My goal is the ability to maximize the parallel driving of these buses, so I have built a queue system where requests get queued to send to a chosen display via dma.

The way lvgl seems to be written currently I see some (possible) gotchas.

There are at least 3 “while(vdb->flushing)” in the code, which basically means the complete task blocks until the buffer is freed. Is there some task ordering that will allow the other displays tasks to continue until their tasks are completed, and their outbound flushing is called?

My idea is to initialize 12 disp_drv, but it is unclear to me how tasking will work with this many displays.

First of all, it looks like an interesting project! :slight_smile:

Take a look at this line. It shows that flushing is related to a display buffer. (This internal display buffer is passed to the flush function).

So if you have:

  • 1 display buffer for all the 12 displays you need to wait while it is flushed. Else lvgl would draw the content of the next display into it while you flush. It would be slow.
  • 3 display buffers for the 3 SPI theoretically lvgl could deal with displays on other SPIs while you flush from one. It’s not implemented now, but it seems simple to check if the display’s buffer is “free” and if not try and other display until all displays are refreshed.
  • 12 display buffer for the 12 displays lvgl will be able to render all displays after each other and you need to queue on the SPI side. The mentioned “schedule” would be required here too to choose an available display. In this case, you might consider using two buffers per display which allows lvgl to draw to the second buffer while you flush from the first.

I sort of have it working with separate display drive handles and buffers for each display. I’d like to double buffer, but I’m not sure how to best do it, as at present a full size double buffer is coded to do full screen draws, which I don’t want.

Another thing that comes to mind is task waiting, it seems like some parts of lvgl could be optimized for OS, any example like

#define OS_TaskYield vTaskYield// Or similar
while(vdb->flushing){
OS_TaskYield();
}

Also, it would be nice if lvgl tasks could be bypassed or delayed, but perhaps there isn’t enough performance advantage for most applications. This would be handy for example when using STM32 DMA2D or other GPU accelerated dma transfers.

Also, an conf.h define for 32bit would be nice, so there isn’t so many wasted cycles waiting for lv_gettick to wait another millisecond.

Excellent idea! Would you like to send a PR? The OS_TaskYield define could be added to lv_conf.h as LV_OS_TASK_YIELD (or a similar name). It should, by default, be defined to something like this:

#define LV_OS_TASK_YIELD() do {} while(0)

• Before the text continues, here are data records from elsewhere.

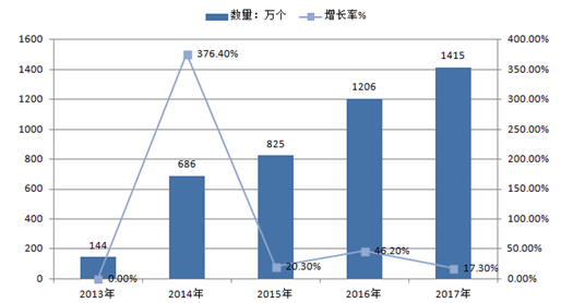 2013-2017年中國微信公眾號數(shù)量預(yù)測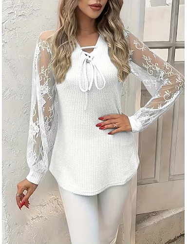 Per donna Top con cuciture in pizzo Top a maglia waffle Nodo frontale Pizzo Rete Tinta unica Elegante Manica Lunga Scollo a V Top lunghi Quotidiano Uscire Bianco Primavera Autunno Inverno
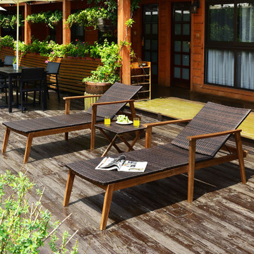 Wish list Quick view $190.00 OFF 3-Piece Wooden Patio Rattan Chaise Lounge Chair Set $459.99 $269.99 Indulge in the ultimate outdoor relaxation with our 3-Piece Wooden Patio Rattan Chaise Lounge Chair Set. This exceptional set boasts two adjustable lounge chairs that effortlessly recline to your... + Add to Cart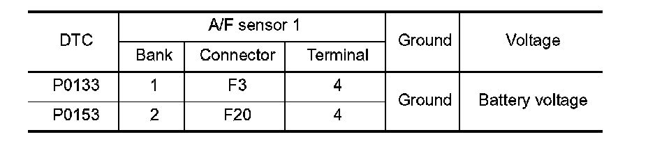 3. Check the voltage between A/F sensor 1 harness connector and ground.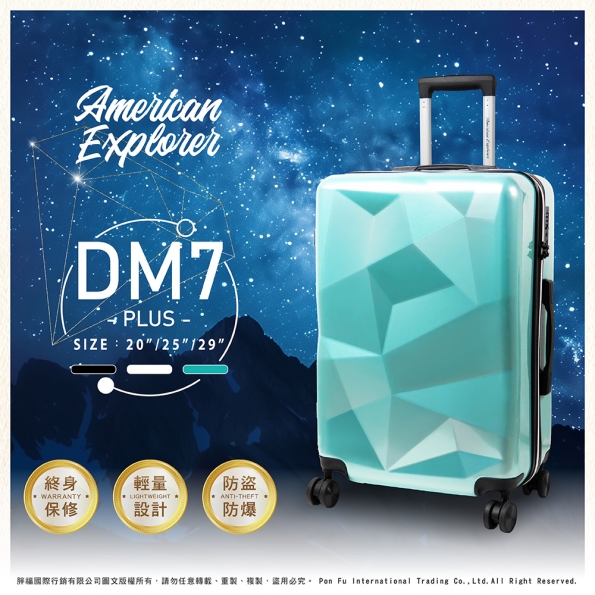 25吋 雙排靜音輪 TSA鎖 雙層防盜拉鍊 DM7 PLUS 行李箱 鑽石箱 旅...NT$ 1,485加入購物車25吋 雙排靜音輪 TSA鎖 雙層防盜拉鍊 DM7 PLUS 行李箱 鑽石箱 旅行箱 拉桿箱 輕量 American Explorer 美國探險家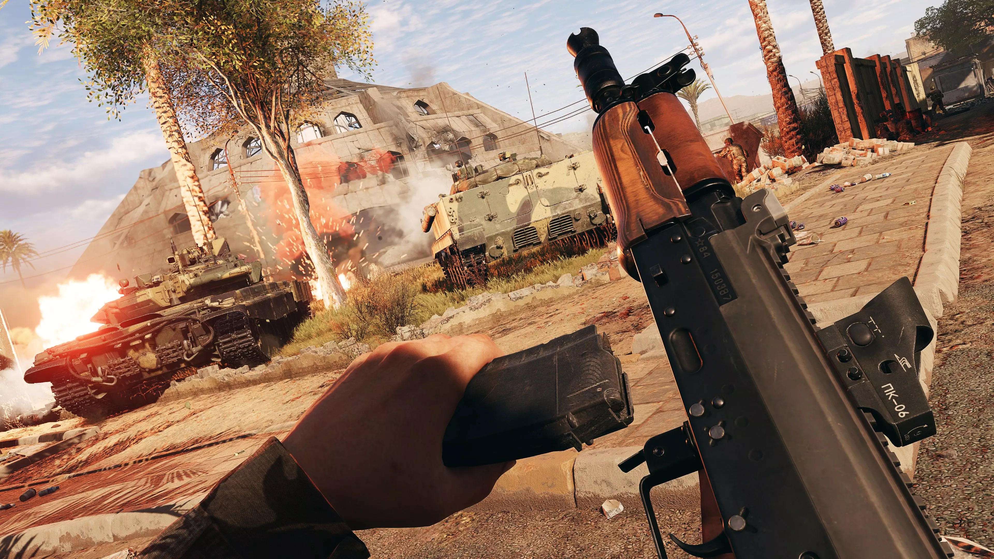 新测试阶段将推出一张名为【Al-Massa】的全新地图,该地图采用中东城市风格设计。士兵的制服和装备已根据新环境进行调整。为这张新地图创建了支持40人和128人的 domination 游戏模式。 我们还为您准备了一些新武器: - 著名的短款AKS-74U,这是5.45毫米口径卡拉什尼科夫突击步枪的紧凑型版本 - 性能出色的FN SCAR-L突击步枪 - 罕见的7.62x39毫米口径KORD 6P68突击步枪 - 美国柯尔特9毫米冲锋枪 - 为了对抗敌方无人机和地面部队,还引入了12号口径KS-P和莫斯伯格590军用霰弹枪。我们也一直在研发无人机,其已发生重大改动:现在每场战斗的发射次数有限制。补给箱的功能也已更新。首先,医疗箱现在更轻便,但对可补充的急救包数量有严格限制。其次,除补充手榴弹外,爆炸物箱现在还能恢复无人机的发射限制。 改进与优化 [轮播图]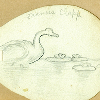 A card with an illustration of a swan on water with lily pads. The name Frances Clapp is handwritten at the top. This illustration appears in a scrapbook album compiled by Clapp, a 1908 Pacific University graduate.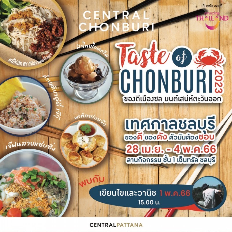 งานเทศกาลชลบุรี ของดีเมืองชล มนต์เสน่ห์ตะวันออก Taste of Chonburi 2023 "รวมของดี ของดัง ตัวมัม ต้องชอบ!" ตั้งแต่วันที่ 28 เมษายน - 4 พฤษภาคม 2566
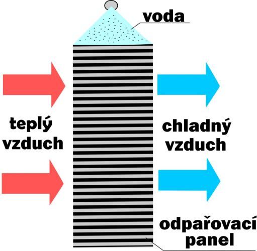 Adiabatické chlazení je proces, při kterém dochází k redukci tepla vlivem změny tlaku způsobené expanzí objemu vzduchu. Tento typ chlazení používá ke snížení teploty vzduchu cirkulaci vody, která stéká po odpařovacím panelu. Každá jednotka obsahuje ventilátor, který slouží k nucenému proudění vzduchu přes odpařovací panel a k dopravě vzduchu do vychlazovaných prostor. Při průtoku vzduchu přes odpařovací panel dochází k výměně tepla konvekcí mezi vodou a vzduchem. Výsledná teplota vzduchu závisí na velikosti proudu vzduchu a aktuální teplotě a vlhkosti venkovního vzduchu.

That way it doesn’t affect the behavior of any existing applications, and the user is not pressured to provide their own implementation.

Not sure what you meant by these. Could you explain further?

About the tasks, is there a way to process other tasks when one task is occupied waiting on dma from the GPU for example?

About the 32 bit define, there are lots of wasted cycles in lv_get_tick, because it always waits until a tick increment. I really don’t want to throw away 1 millisecond in cycles just to wait for a tick. It would be better to turn off the tick interrupt in 8 and 16 bit systems. Its not a huge deal though, as the defines allow my own to be implemented.

You can trick true double buffering by setting hor_res x ver_res + 1 pixel sized buffer. True double buffering checks exact match between resolution and buffer size.

I also like this idea!

It’d be possible in two ways:

  1. Use a full-featured task schedule instead of lv_tasks. However, it’d be against the goal of lv_tasks: be a simple hardware-independent schedule.
  2. Implement some kind of state-machines in the critical internal tasks (mainly the display refresh task), to “yield” at specific points and continue from there on the next call.

lvgl uses lv_tick to measure elapsed time and never delays anything. If you need a delay functionality you can implement it independently from lv_tick.

lv_tick_get delays up to 1 tick every time its called unless you define your own method.

I think you’re right.

Do we really need tick_irq_flag? Wouldn’t reading sys_time be an atomic operation?

Wow, I can’t believe my eyes. It’s absolutely not the intended behavior. I wonder how much performance was lost on this…

My goal was to “try again if there was an interrupt”.

It seems to work better:


while(1) {
   tick_irq_flag = 1;
   result        = sys_time;

   /* lv_tick_inc() clears this flag which can be in an interrupt.
      Continue until make a non interrupted cycle */
   if(tick_irq_flag == 1) break;
}

Wait… If tick_irq_flag = 1; remains 1 (which is the case almost every time) than while(!tick_irq_flag) will be while(! 1) -> while(0) so the cycle ends. So it runs only once.
Confirm or correct me, please. :fearful:

I think you are correct, sorry. I’m not sure why, but my debugger loops when single stepping, otherwise it doesn’t.

Single stepping usually results in interrupts being pended and then executed when the step command is given. An interrupt probably fires every time you single step and clears the flag.

1 Like